__PROBLEM__.
Pictures in the records below must be left out. Return exactly the lines from the line with "Edición anterior de la subasta de ganado" to the line with "Clientes e correntistas", both included.

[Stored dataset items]

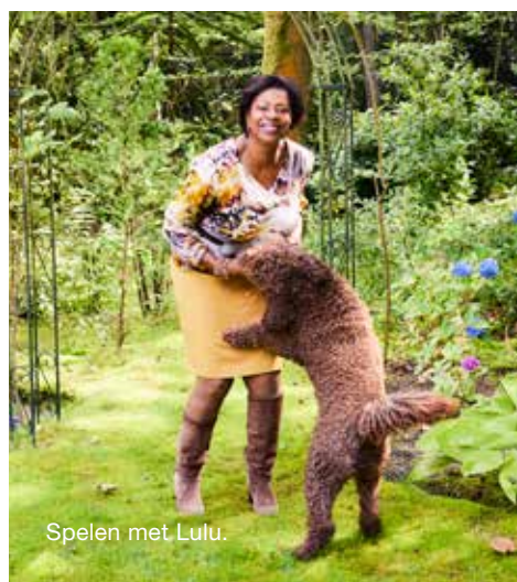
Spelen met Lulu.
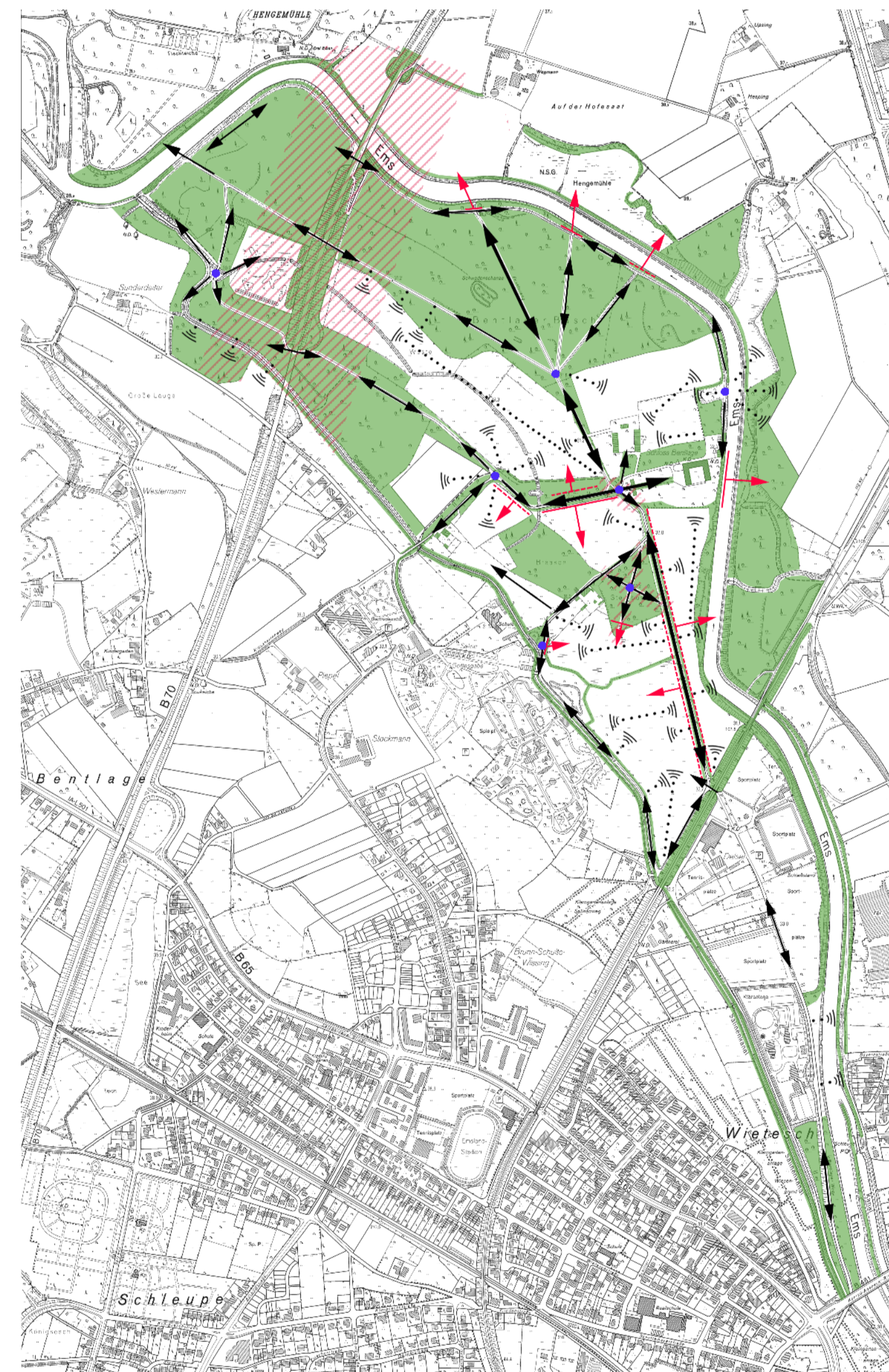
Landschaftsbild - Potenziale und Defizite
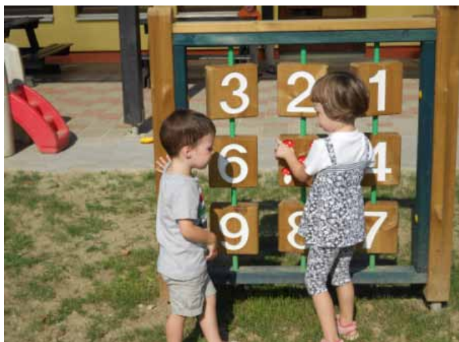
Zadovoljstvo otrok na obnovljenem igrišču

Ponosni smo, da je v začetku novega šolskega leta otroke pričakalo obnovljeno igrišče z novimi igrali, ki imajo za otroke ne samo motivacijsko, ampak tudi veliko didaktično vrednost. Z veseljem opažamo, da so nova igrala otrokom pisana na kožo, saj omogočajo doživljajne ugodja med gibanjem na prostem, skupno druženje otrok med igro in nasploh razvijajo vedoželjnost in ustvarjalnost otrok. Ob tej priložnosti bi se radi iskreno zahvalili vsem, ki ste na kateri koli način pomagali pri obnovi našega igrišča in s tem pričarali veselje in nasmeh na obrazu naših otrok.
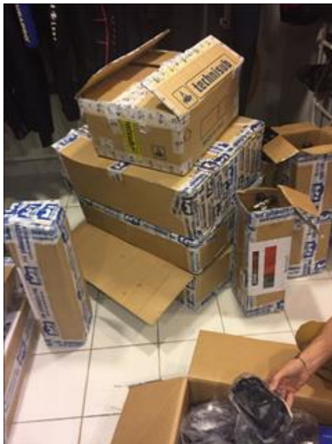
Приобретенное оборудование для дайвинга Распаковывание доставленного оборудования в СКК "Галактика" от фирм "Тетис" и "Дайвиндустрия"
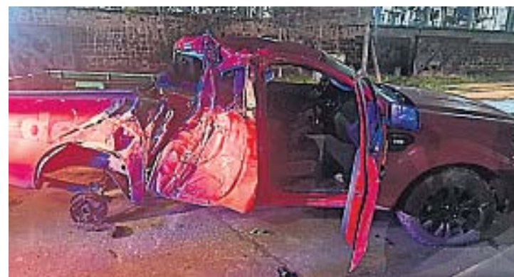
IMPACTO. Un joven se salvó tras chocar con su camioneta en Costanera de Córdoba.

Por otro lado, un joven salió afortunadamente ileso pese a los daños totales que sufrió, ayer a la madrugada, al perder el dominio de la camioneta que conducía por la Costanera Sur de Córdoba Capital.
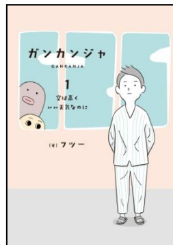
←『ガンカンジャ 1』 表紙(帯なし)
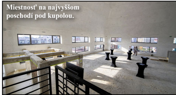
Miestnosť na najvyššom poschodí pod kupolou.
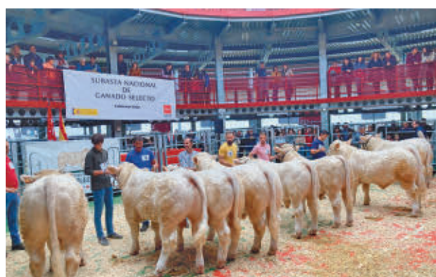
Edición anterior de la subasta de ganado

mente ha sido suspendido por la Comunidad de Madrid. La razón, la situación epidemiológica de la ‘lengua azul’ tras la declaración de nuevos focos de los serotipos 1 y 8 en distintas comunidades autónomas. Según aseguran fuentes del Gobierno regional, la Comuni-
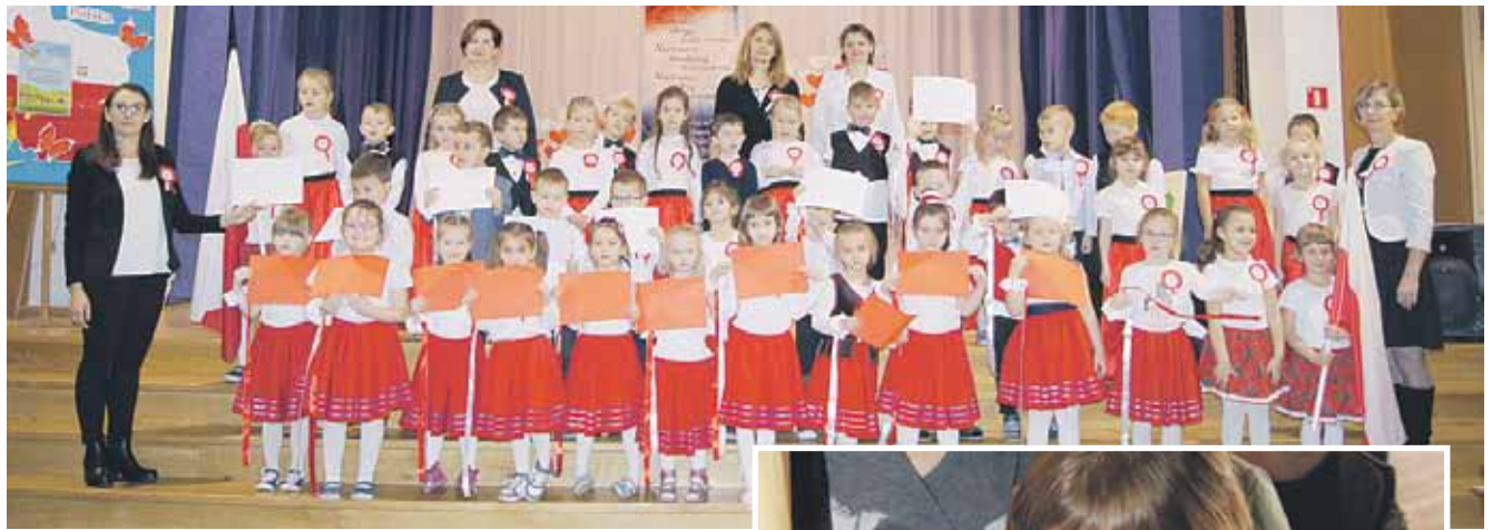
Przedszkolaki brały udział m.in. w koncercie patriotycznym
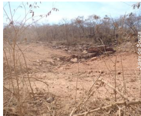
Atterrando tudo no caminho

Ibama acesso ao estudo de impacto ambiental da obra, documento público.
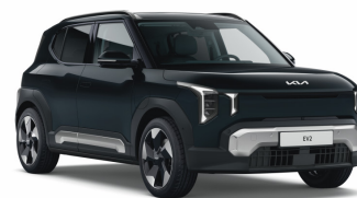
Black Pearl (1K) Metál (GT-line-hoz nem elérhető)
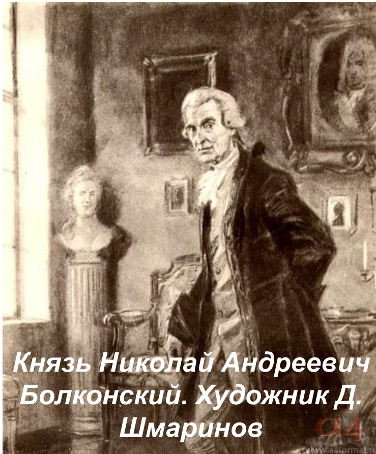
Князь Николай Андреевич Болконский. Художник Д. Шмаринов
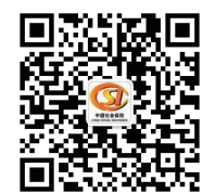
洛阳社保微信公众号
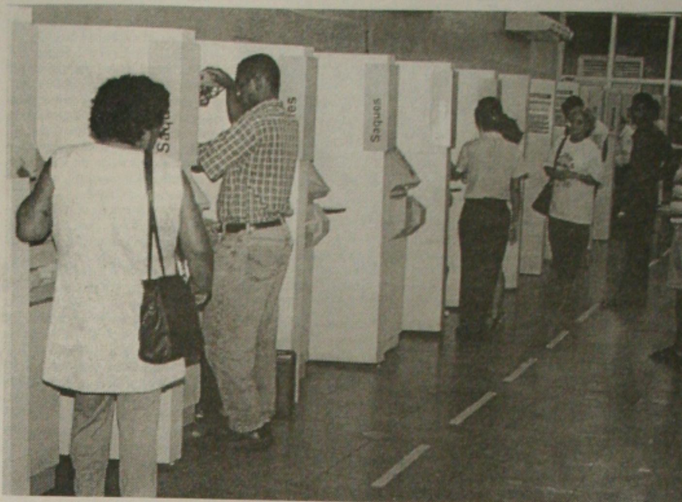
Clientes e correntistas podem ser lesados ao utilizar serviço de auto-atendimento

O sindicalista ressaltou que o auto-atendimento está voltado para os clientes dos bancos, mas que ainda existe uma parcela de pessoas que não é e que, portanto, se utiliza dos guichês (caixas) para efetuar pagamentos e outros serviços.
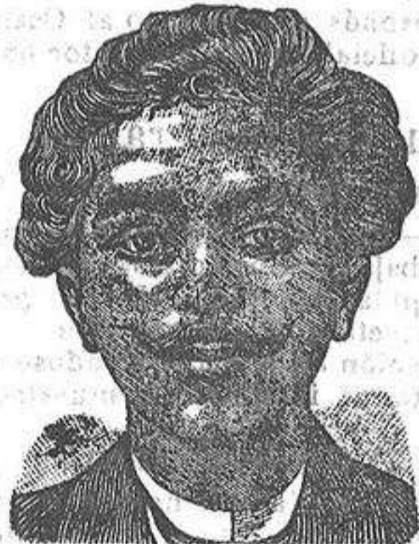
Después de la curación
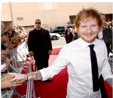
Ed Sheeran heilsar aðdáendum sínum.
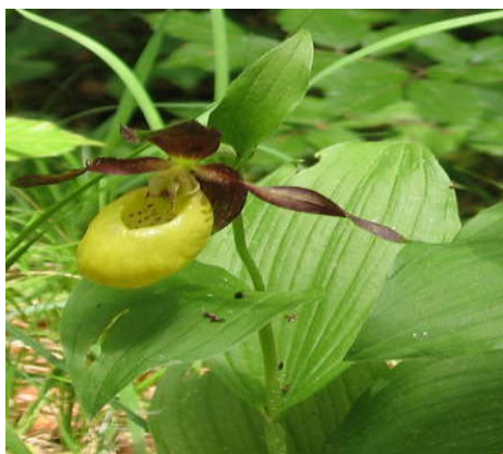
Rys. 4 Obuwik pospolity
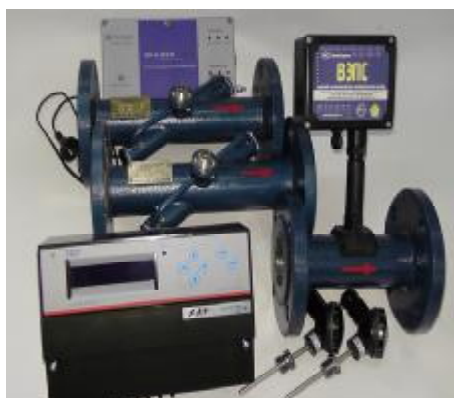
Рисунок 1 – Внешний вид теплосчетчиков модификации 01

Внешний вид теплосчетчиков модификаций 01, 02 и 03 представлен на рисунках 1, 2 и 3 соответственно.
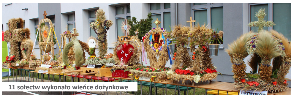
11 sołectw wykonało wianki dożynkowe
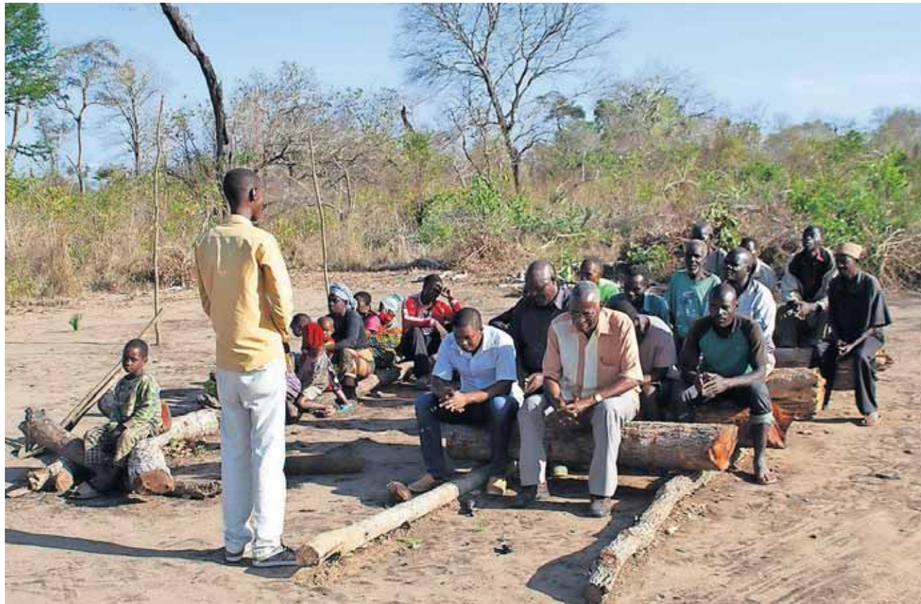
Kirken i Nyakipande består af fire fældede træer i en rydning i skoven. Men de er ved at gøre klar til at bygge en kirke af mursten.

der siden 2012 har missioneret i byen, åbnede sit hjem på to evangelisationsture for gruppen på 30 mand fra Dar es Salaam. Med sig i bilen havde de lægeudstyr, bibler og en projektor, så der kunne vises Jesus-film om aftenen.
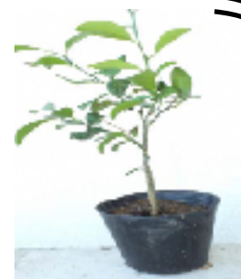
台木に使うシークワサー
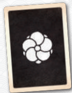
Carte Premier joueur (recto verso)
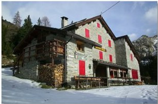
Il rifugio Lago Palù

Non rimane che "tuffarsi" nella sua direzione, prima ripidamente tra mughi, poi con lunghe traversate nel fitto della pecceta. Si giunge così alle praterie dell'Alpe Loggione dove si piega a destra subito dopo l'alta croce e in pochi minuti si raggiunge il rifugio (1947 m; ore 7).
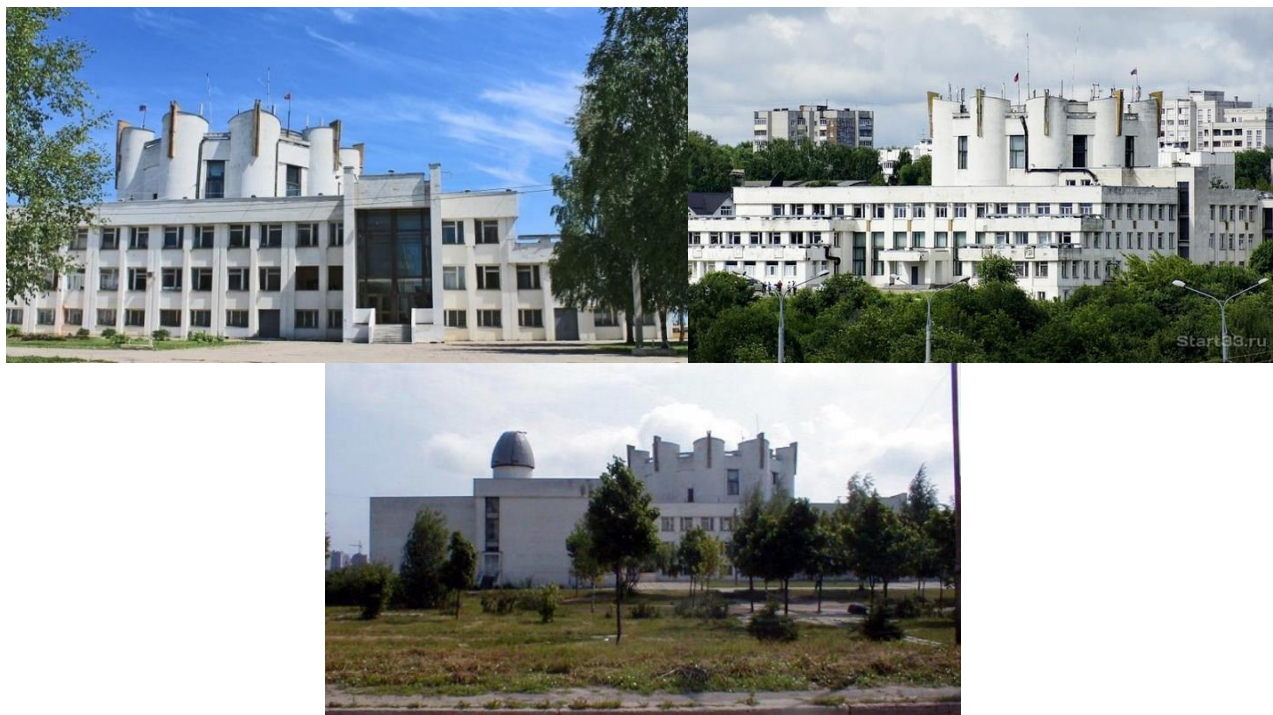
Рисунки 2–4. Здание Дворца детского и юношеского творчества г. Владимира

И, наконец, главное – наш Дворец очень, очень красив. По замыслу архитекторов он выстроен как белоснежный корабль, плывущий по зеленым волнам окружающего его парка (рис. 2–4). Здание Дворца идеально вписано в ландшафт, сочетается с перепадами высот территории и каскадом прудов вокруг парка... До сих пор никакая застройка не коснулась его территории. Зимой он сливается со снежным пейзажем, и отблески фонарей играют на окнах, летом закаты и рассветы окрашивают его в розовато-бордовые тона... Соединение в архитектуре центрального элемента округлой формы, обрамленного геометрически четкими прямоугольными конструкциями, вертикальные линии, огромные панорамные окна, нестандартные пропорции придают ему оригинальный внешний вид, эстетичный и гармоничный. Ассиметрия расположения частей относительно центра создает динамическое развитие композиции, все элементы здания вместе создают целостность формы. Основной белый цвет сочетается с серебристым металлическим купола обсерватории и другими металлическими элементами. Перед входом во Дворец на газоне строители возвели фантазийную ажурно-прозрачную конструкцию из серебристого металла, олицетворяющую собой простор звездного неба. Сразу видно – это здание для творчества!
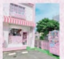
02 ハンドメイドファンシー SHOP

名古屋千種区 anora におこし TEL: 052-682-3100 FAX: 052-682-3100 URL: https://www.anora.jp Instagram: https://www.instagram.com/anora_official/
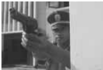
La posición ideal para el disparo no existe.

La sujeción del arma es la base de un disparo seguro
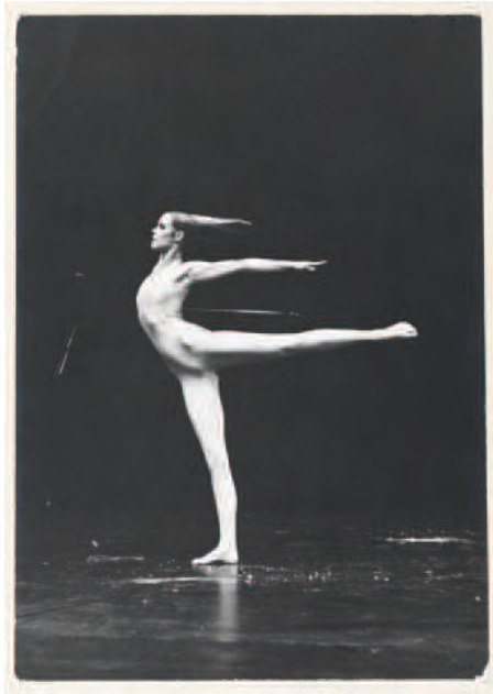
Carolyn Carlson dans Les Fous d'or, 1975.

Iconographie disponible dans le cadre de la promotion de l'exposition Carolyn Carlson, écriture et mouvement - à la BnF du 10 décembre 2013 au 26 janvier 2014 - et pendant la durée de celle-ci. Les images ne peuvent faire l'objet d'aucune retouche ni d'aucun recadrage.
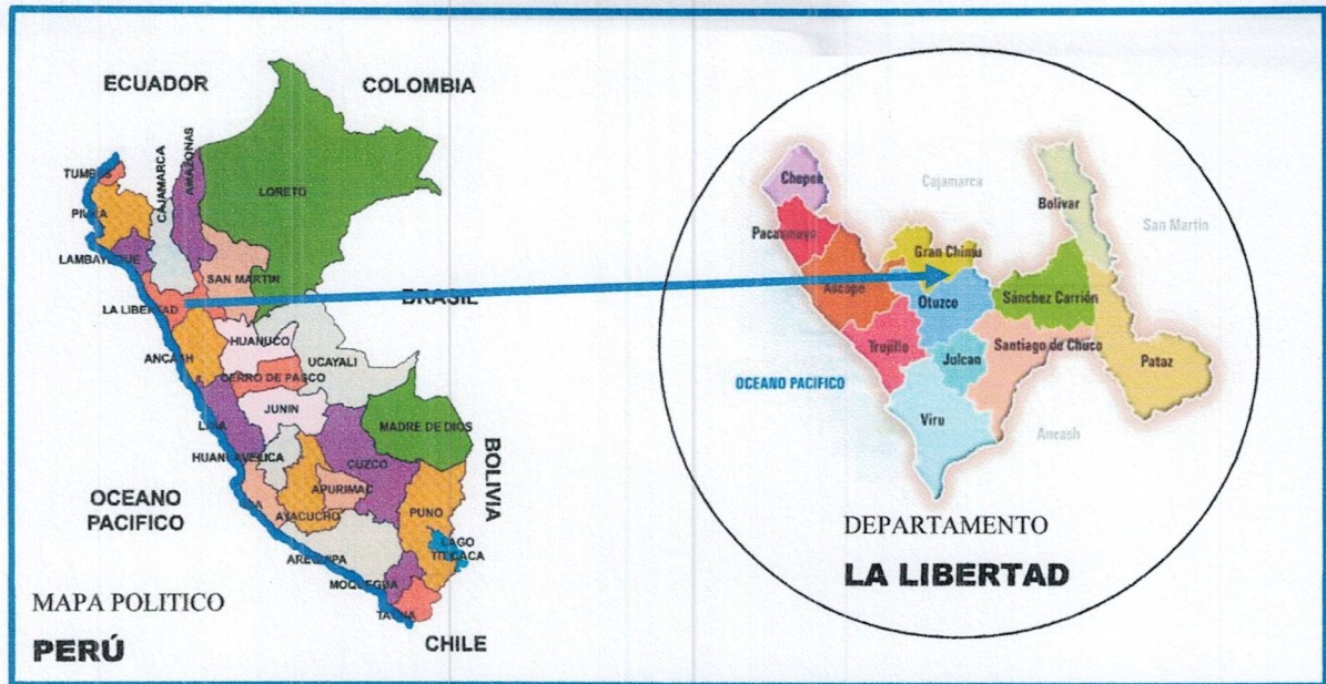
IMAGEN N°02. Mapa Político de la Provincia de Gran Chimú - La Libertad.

__TASK RESPONSE__.
Edición anterior de la subasta de ganado

mente ha sido suspendido por la Comunidad de Madrid. La razón, la situación epidemiológica de la ‘lengua azul’ tras la declaración de nuevos focos de los serotipos 1 y 8 en distintas comunidades autónomas. Según aseguran fuentes del Gobierno regional, la Comuni-
Przedszkolaki brały udział m.in. w koncercie patriotycznym
Atterrando tudo no caminho

Ibama acesso ao estudo de impacto ambiental da obra, documento público.
Black Pearl (1K) Metál (GT-line-hoz nem elérhető)
Князь Николай Андреевич Болконский. Художник Д. Шмаринов
洛阳社保微信公众号
Clientes e correntistas podem ser lesados ao utilizar serviço de auto-atendimento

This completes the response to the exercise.